With only a few months remaining until the next Lower House election must be called, the Liberal Democratic Party has postponed a plan to restrict so-called hereditary candidates until after the campaign, party sources said Tuesday.
The postponement comes amid speculation that Prime Minister Taro Aso may dissolve the Lower House in late June or early July and call a snap election in early or late August. The current term of Lower House members expires in September.
The LDP apparently failed to forge a consensus among its members, many of whom are from well-established political families. Such a rule would prevent their kin from inheriting not only their electoral districts but also their support groups and fundraising machines.
Because of their easy wins in elections, such hereditary politicians are often criticized for an inability to grasp voter sentiment or develop policies that connect with the public.
The LDP has judged that excluding hereditary candidates, some of whom have already obtained informal endorsements as the party’s official candidates in the upcoming election, “would harm the LDP’s trustworthiness,” the sources said.
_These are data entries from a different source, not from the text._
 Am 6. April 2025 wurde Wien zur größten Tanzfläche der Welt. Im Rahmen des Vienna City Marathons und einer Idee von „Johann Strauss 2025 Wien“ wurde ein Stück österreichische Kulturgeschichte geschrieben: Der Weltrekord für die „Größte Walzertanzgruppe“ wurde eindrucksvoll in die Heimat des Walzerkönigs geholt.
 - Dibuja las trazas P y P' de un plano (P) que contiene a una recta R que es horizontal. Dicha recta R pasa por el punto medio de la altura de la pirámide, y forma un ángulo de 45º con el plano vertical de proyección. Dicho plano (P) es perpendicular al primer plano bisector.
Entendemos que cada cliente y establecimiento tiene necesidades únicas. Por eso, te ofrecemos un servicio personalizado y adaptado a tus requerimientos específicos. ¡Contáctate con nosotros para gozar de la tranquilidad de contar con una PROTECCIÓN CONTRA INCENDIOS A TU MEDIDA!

Last month, an LDP task force on internal party reform drafted a proposal that would have banned endorsing hereditary candidates in future elections. But Yoshihide Suga, a key member of the reform drive, recently changed his stance and the plan was watered down, the sources said.
With the postponement, Shinjiro Koizumi, the second son of former Prime Minister Junichiro Koizumi, is expected to run as an LDP candidate in his father’s district in Kanagawa Prefecture.
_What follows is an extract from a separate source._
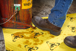 Outre les nouveaux absorbants avec revêtement imperméable, Brady offre également un nouveau tapis absorbant adhésif pour le contrôle des déversements. Doté d’un adhésif spécial, l’absorbant adhésif de Brady est très souple d’utilisation et adhère aux surfaces propres et sales. L’absorbant peut être facilement retiré en soulevant les coins et ne laisse aucun résidu. De plus, il peut être réappliqué sur une autre surface, même après l’absorption de liquides.

Shoichi Usui, the eldest son of former Justice Minister Hideo Usui, will also run as an LDP candidate and hope to inherit his father’s district in Chiba Prefecture.
The postponement means the LDP is lagging behind the Democratic Party of Japan to present a clean public image in the runup to the campaign.
The DPJ decided in April not to endorse hereditary politicians in the next election and is likely to bring up the issue to differentiate itself from the LDP.